Забывшись коротким сном, мальчик поднялся раньше дедушки, оделся, захватил ломоть хлеба и, не звякнув калиткой, пошел дальше от деревни.

Его обступила рожь в белой толстой росе, и ненадолго, в предчувствии перемен, ему захотелось отчаянным усилием воли подняться над рожью и полететь невысоко, чтобы видеть зерна в колосьях, птиц, пережидающих росу, пустые гнезда жаворонков…

Он собрал росу с колосьев, вымыл ею лицо, глаза, уши и сразу стал далеко видеть и слышать.

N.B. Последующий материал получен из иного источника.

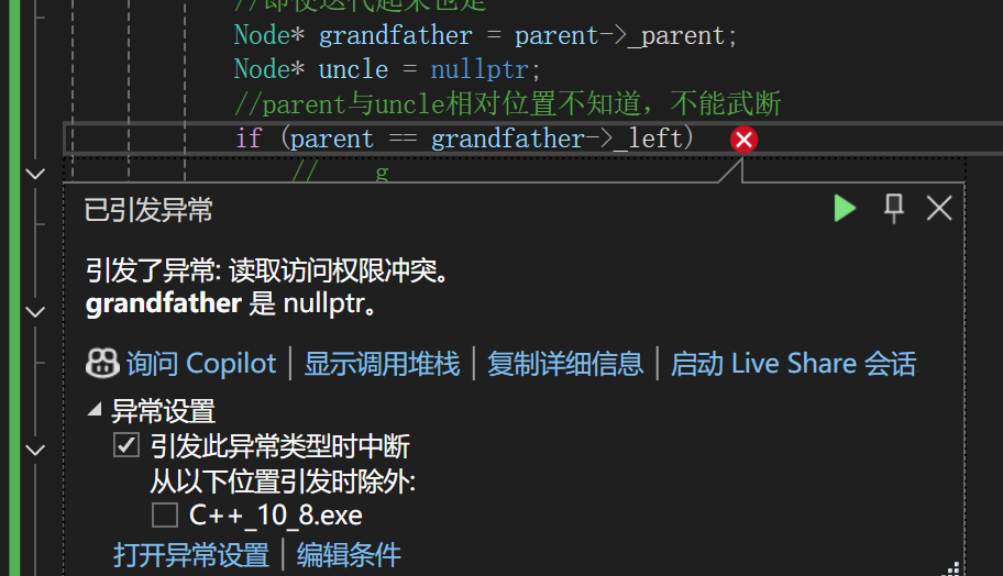 while (parent&& parent->_color == RED)//p为黑c为红,不用继续调整了{//新插入结点必定是叶子结点//如果p是红,那么g一定存在且一定为黑//初始情况下是这样的情况//即使迭代起来也是 Node* grandfather = parent->_parent;Node* uncle = nullptr;//parent与uncle相对位置不知道,不能武断if (parent == grandfather->_left)// g// p uuncle = grandfather->_right;else// g// u puncle = grandfather->_left;if (uncle->_color == RED){parent->_color = BLACK;uncle->_color = BLACK;grandfather->_color = RED; // g(r)// p(b) u(b)// c(r)cur = grandfather;parent = cur->_parent;if (parent == nullptr)_root->_color = BLACK;}}

Далеко-далеко он увидел деревню Кукушку в тополях и услышал, как по всему полю подают голоса птицы, еще робкие после вчерашнего дождя. Только одна птица, если судить по ее пению, золотая, продувала свой пастушеский рожок:

— Фиу-тиу-лиу!..

Куда теперь?

Домой? А если квартиранты сегодня же повезут его в город, а у него не хватит духу отказаться? Сегодня они, наверное, не сделают этого, но он не сможет скрыть, что слышал разговор, и обязательно скажет Лидии Александровне:

— Отсюда я никуда не поеду.

Скажет ли? Отсюда-то легко загадывать и храбриться, а вблизи все по-другому, все не так. Лучше походить, устать, охолонуть, и тогда уже ничего не страшно. А если вовсе не приходить в деревню? Они все поймут и уедут. То есть как это «не приходить»? Жить-то где? У кого? У него же никого нет, кроме дедушки. Не-еет, человеку рано или поздно обязательно куда-то надо приходить.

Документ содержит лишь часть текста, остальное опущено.